# How to Route a Large Curve



## Bshmstr (Apr 1, 2013)

Hi,

I am building a crib for my daughter, which includes a large curved piece for the "headboard" which requires an edge treatment. I have found the following bit: toolstoday.com/classical-cove-bead-router-bits.html (Timberline 400-20) which I think will do the trick although I would prefer something bigger (open to any suggestions). 



My question is about the procedure of routing the edge on the curved piece. I think I can do this similarly as I would on a straight run by letting the router base follow the curve. I have included a few screen shots from the model CAD model for the project. One contains some a representation of what i described above using some red marks. The triangle is intended to represent the router bit the line directly above the triangle is the router base and the line perpendicular the workpiece is mean to represent the router itself.

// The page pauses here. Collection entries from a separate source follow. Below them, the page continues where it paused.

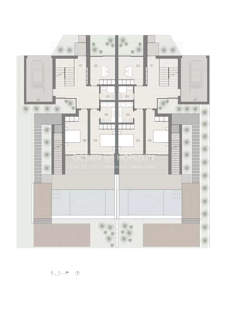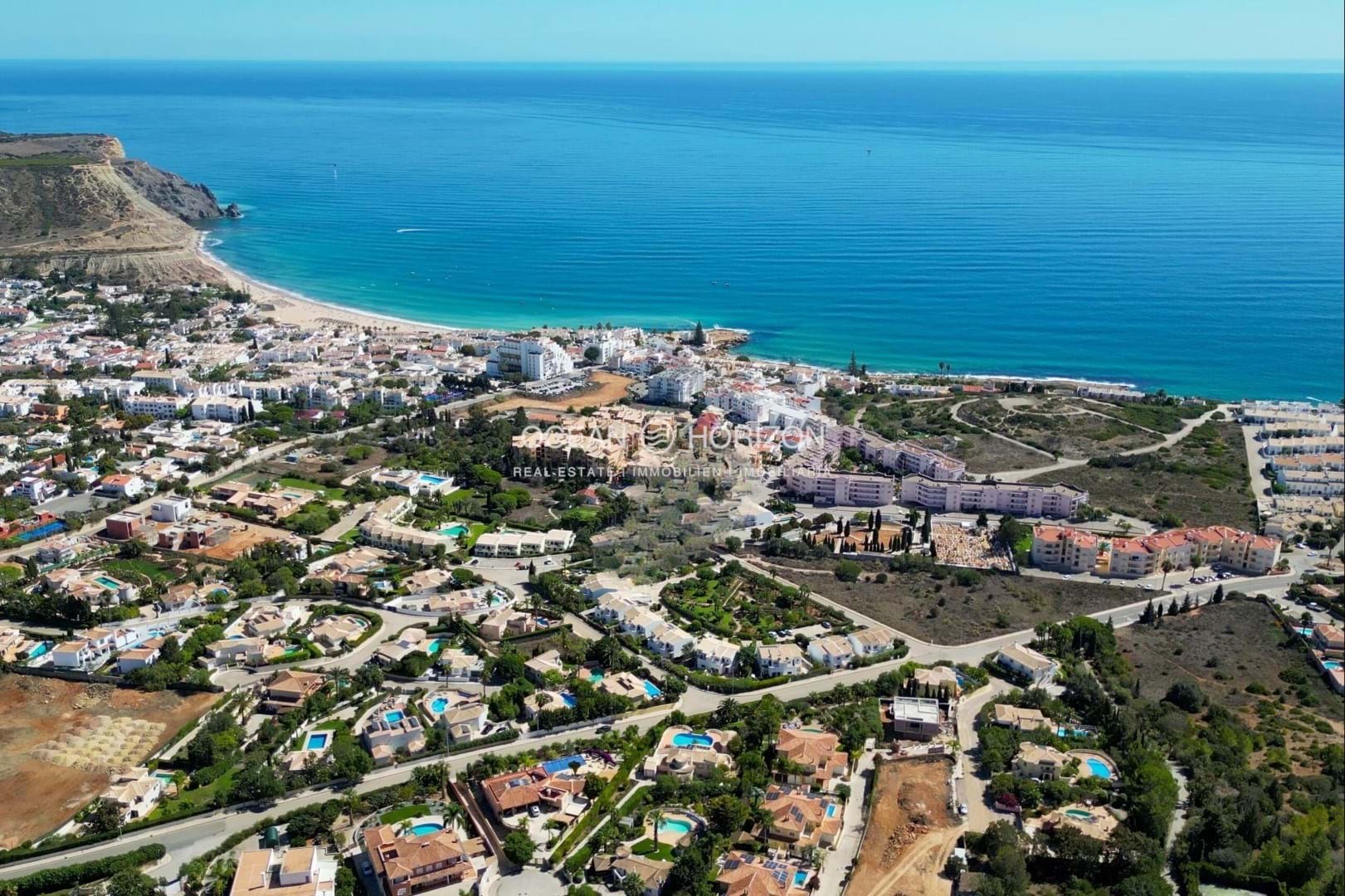 Este excelente projeto com 12 moradias geminadas e uma moradia isolada oferece-lhe a oportunidade de viver numa das zonas mais bonitas e exclusivas da Praia da Luz. Experimente o mais alto conforto de vida e desfrute do estilo de vida mediterrânico no Algarve. As casas foram projectadas pelo premiado arquiteto Mário Martins. Cada uma das fantásticas moradias, construídas em lotes elevados, tem uma piscina, uma área de jardim paisagístico atraente e uma vista deslumbrante para o mar. As moradias caracterizam-se sobretudo pelas suas linhas depuradas e pelas divisões bem iluminadas. São construídas de acordo com os mais elevados padrões de qualidade e oferecem todos os confortos de uma vida exclusiva e moderna. No geral, este projeto é um complexo residencial fechado e, portanto, seguro. A praia e o encantador centro da Praia da Luz ficam apenas a alguns minutos a pé. Aí encontrará inúmeros restaurantes, cafés, pequenos supermercados, médicos e farmácias. Lagos, a grande cidade mais próxima, pode ser alcançada em menos de 10 minutos de carro, enquanto o aeroporto internacional de Faro pode ser alcançado em menos de uma hora. Grandes cidades como Lisboa ou Sevilha, em Espanha, podem ser alcançadas em cerca de 2,5 a 3 horas de carro. Disposição e equipamentos: As casas estendem-se por dois pisos e oferecem uma disposição bem pensada dos quartos: No rés do chão existem dois quartos, um dos quais com casa de banho privativa, bem como uma outra divisão, que também pode ser utilizada como quarto, escritório, quarto de criança ou similar. O acesso a uma outra casa de banho faz-se através de um corredor. Ambos os quartos têm roupeiros embutidos e acesso direto ao terraço, piscina e área de jardim. No 1º andar encontra-se a espaçosa sala de estar com acesso a uma grande varanda. A partir daí, pode desfrutar de vistas deslumbrantes sobre o Oceano Atlântico. Existe também neste piso uma cozinha em plano aberto, totalmente equipada com electrodomésticos de marca de alta qualidade. As moradias dispõem ainda de painéis solares para aquecimento de águas, ar condicionado, pavimento radiante e vidros duplos com isolamento térmico e acústico. A conclusão está prevista para 2026 - 2027. Em conformidade com as vendas, será dada prioridade na construção às unidades vendidas. Contacte-nos a qualquer momento para mais informações ou para uma visita.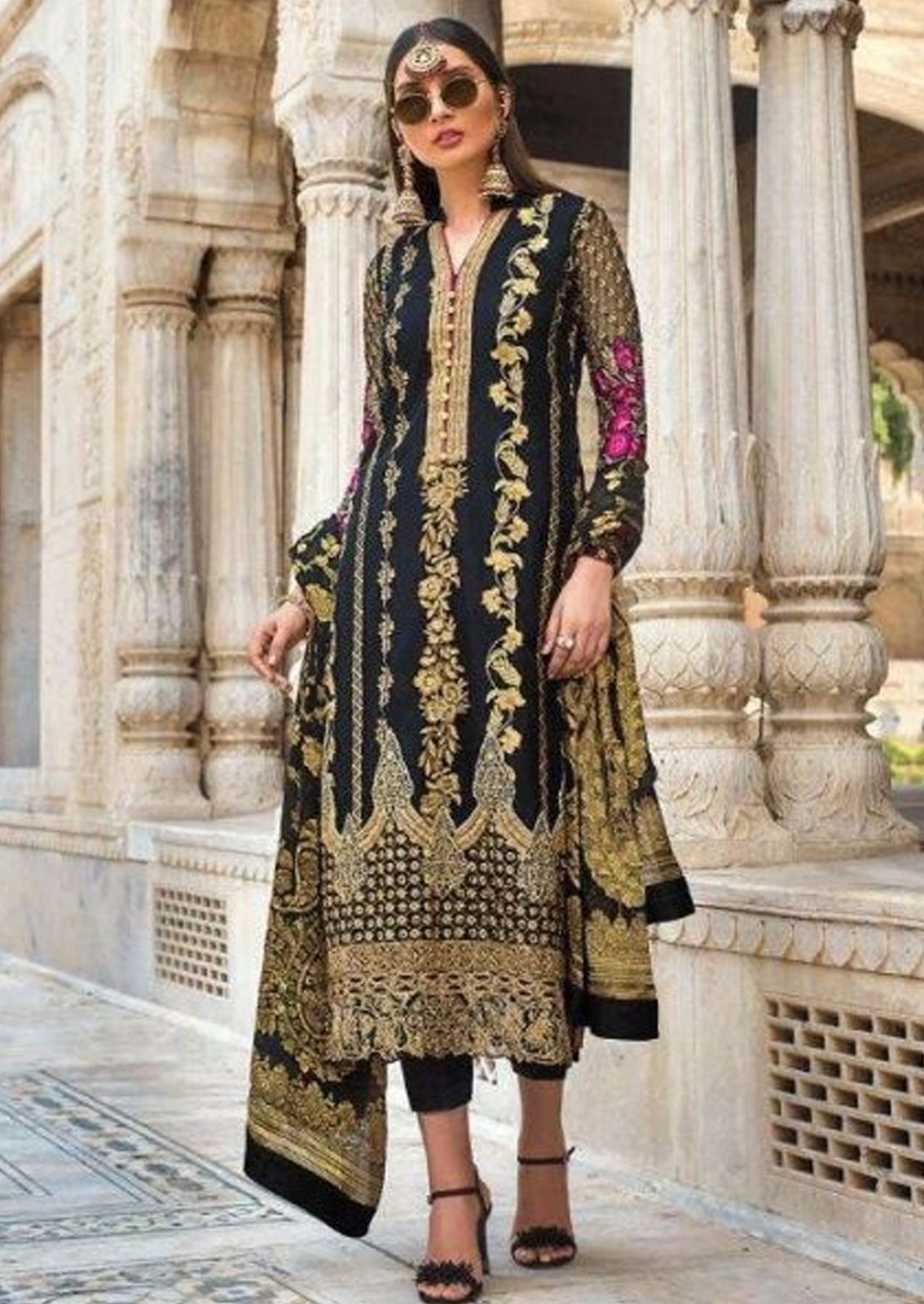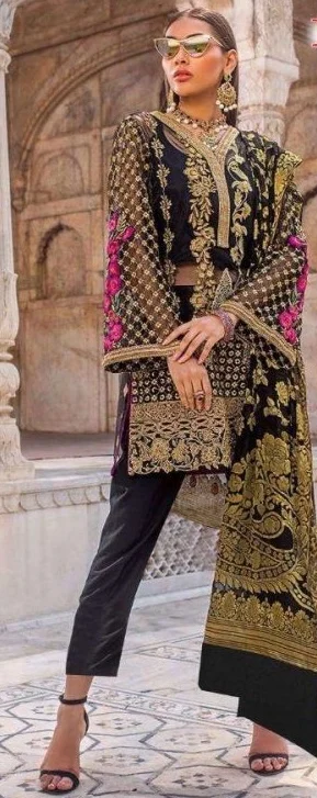 Grey & Pink Georgette zari and thread embroidery suit with pearl border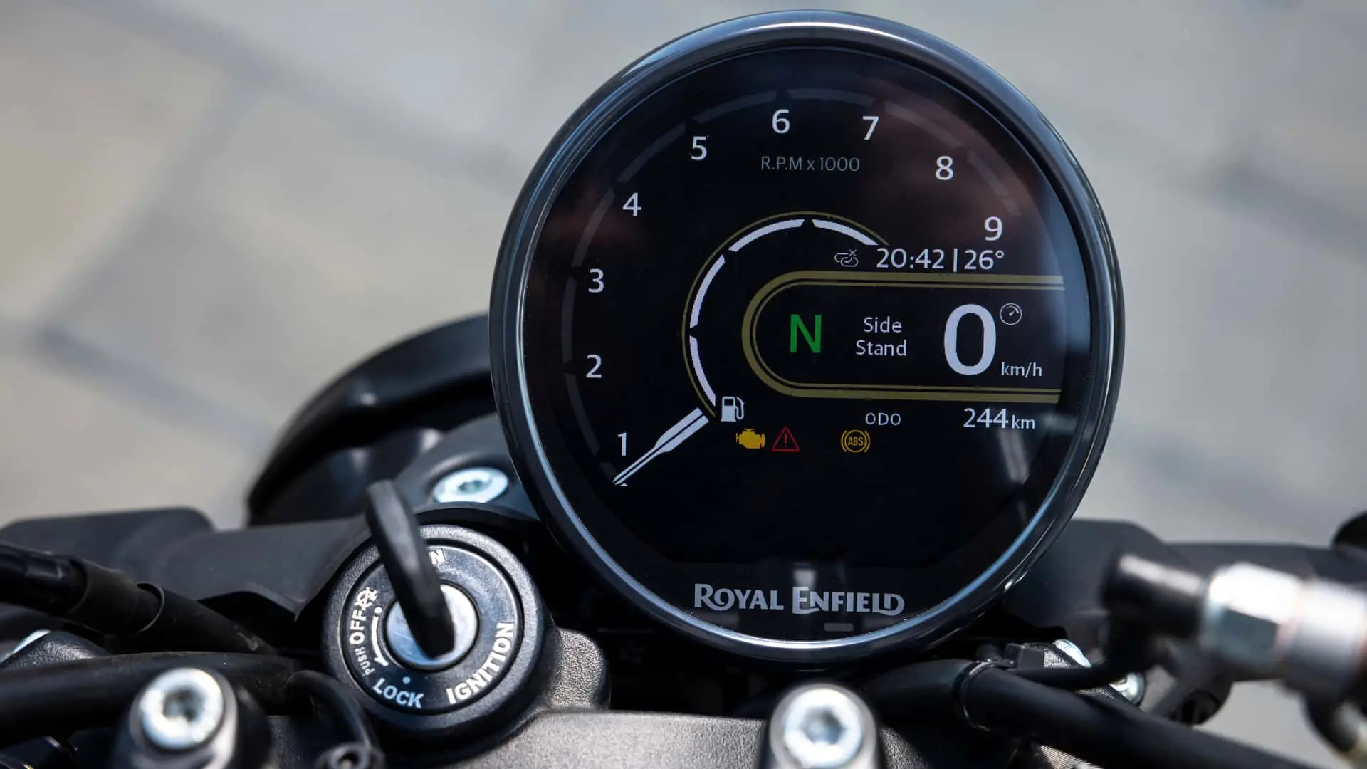 Apesar do espírito “roadster retrô”, a Guerrilla 450 abraça o moderno. Painel 100% digital (TFT), com conectividade para smartphone, Google Maps, controles de mídia e porta USB‑C para carregamento. A resolução (nitidez) do quadro de instrumentos é ótima.

Will this method work? Can anyone provide an suggestions on how to approach it differently.Thanks for any help.


----------



## Stick486 (Jan 4, 2013)

route from the edge and not the top...


----------



## kp91 (Sep 10, 2004)

Template guidel bushings


----------



## difalkner (Jan 3, 2012)

Ditto what Stick said; that'll work just fine.

David


----------



## harrysin (Jan 15, 2007)

I would have thought that a bearing bit similar to this one shown would be the simple way. Whilst this one is 1/2", it would be easier using a trim router and they usually only take 1/4" bits.


----------



## scottgrove (Sep 4, 2016)

I agree. you can also use a 1-1/2" template guide and make your template 1/2" smaller.
I've written a book on this, check it out here. https://imaginegrove.com/


----------



## harrysin (Jan 15, 2007)

Could you post a sketch showing how you would use a template for this particular job. I'm 100% in favour of templates, in fact there are dozens of my threads showing the making and use of templates in addition to several tutorials but I can't visualise the use of one in this case.


----------



## Bshmstr (Apr 1, 2013)

Thanks for everyones responses so far. 

In regards to Stick's suggestion of routing on the side not the top, I guess the advantage of this would be that the bearing on the bit would be riding on the curve instead of the baseplate of the router and the bearing would be able to follow the curvature better.

I like this idea, but I think it would create a different profile on the edge than the one I posted above. The way I'm visualizing it it would basically be inverted, which might be fine.


----------